Der türkische Außenminister Mevlüt Cavusoglu habe erklärt, dass die Türkei an einer Fortsetzung der EU-Beitrittsgespräche interessiert sei. Die Türkei wisse, welche Prinzipien dafür zu erfüllen seien, sagte Mogherini. Sie nannte etwa die Menschenrechte, Rechtstaatlichkeit und Medienfreiheit. Auf die Frage, ob die Türkei nach den geplanten Verfassungsänderungen noch die politischen Kopenhagener Kriterien für einen EU-Beitritt erfülle, sagte Mogherini, dies hänge von der Art und Weise ab, wie die Türkei die geplanten Verfassungsänderungen umsetze. Einige würden wohl früher kommen, andere erst später.

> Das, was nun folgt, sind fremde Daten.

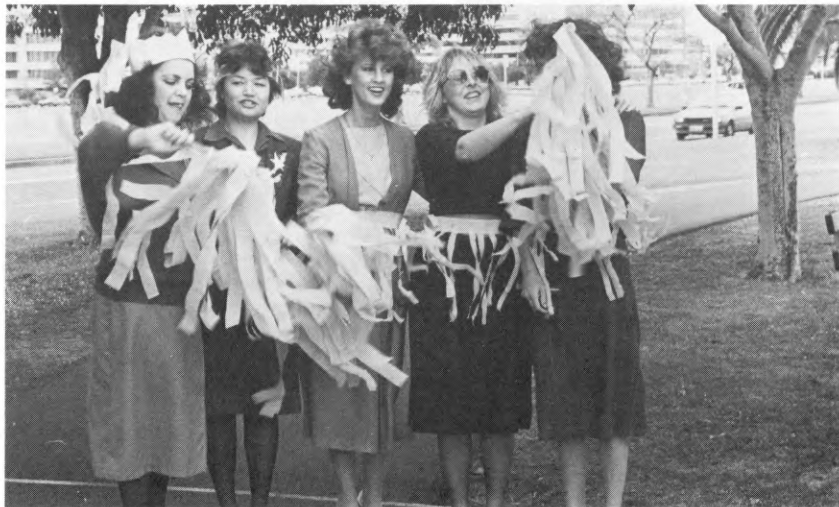
• A cheer squad for the 10kms race. The girls are attached to 'Operation Edam'.

An indoor-cricket match is planned for the near future.
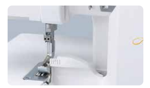
2-Inch Throat Space lets you easily create large projects with room to spare.
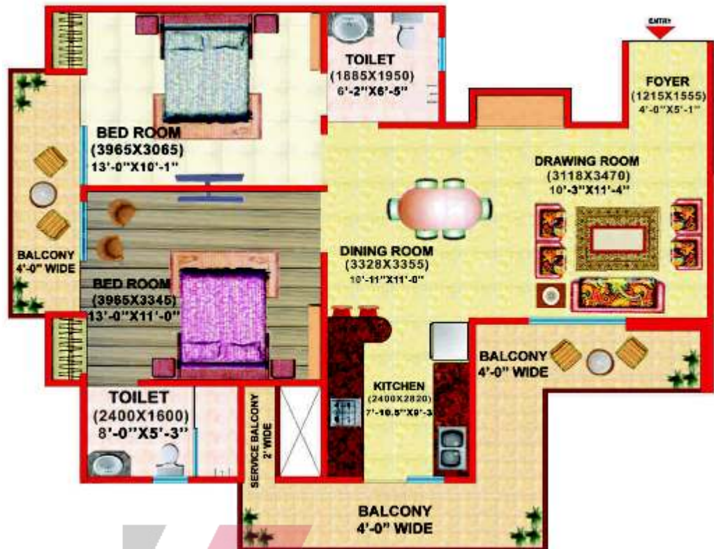
TYPICAL FLOOR PLAN Saleable Area : 1246.00 sq.ft. (115.75 sq.mt.)
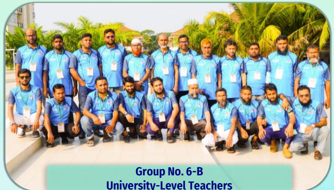
Group No. 6-B University-Level Teachers
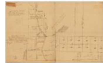
Patents along the Pennsylvania line, Hooper's tract, Randolph township. Map #739 (NYSA_A0273-78_739)
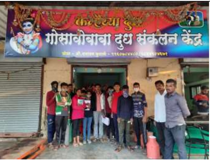
Visit to Milk collection center
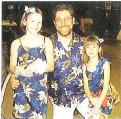
Festive attire added to the fun atmosphere at the event.

The Daddy-Daughter "Evening in the Tropics" Dance took place on Friday, February 12 and Saturday, February 13, 2010 at the Civic Center. This fun community event, which promotes strong family relationships, has been a Novi tradition for over 30 years. Over 700 participants came together to share this positive experience and build strong relationships. Many came in new dresses bought from local businesses especially for their special evening with Dad. The event featured fun physical activity through dancing. Decorations were purchases from local businesses and a variety of great food that included healthy choices, was sponsored by local businesses.

Tajani fordert Erdogan zu Haltungsänderung auf
EU-Parlamentspräsident Antonio Tajani hat den türkischen Staatspräsidenten unterdessen aufgefordert, seine Haltung zu ändern. "Europa ist nicht islamophob. Wir wollen nicht die Türen zur Türkei zumachen. Aber einige Dinge wie die Todesstrafe sind nicht akzeptabel".
Tajani erklärte beim Brexit-Gipfel der EU-27 in Brüssel am Samstag, es sei auch inakzeptabel, Journalisten einzusperren. "Die Pressefreiheit ist ein Eckpfeiler der Demokratie." Auch das Verhaften von Oppositionellen stehe nicht in Einklang mit EU-Werten.
Gleichzeitig gebe es wirtschaftliche Beziehungen zur Türkei und den Flüchtlingsdeal. "Deswegen hoffe ich, dass die Türkei einige ihrer kürzlich eingenommenen Positionen ändern wird. Und dass die Türkei künftig sich wieder mehr den Werten zuwendet, die sie gewählt hatte, als sie die Initiative Richtung EU gestartet hat."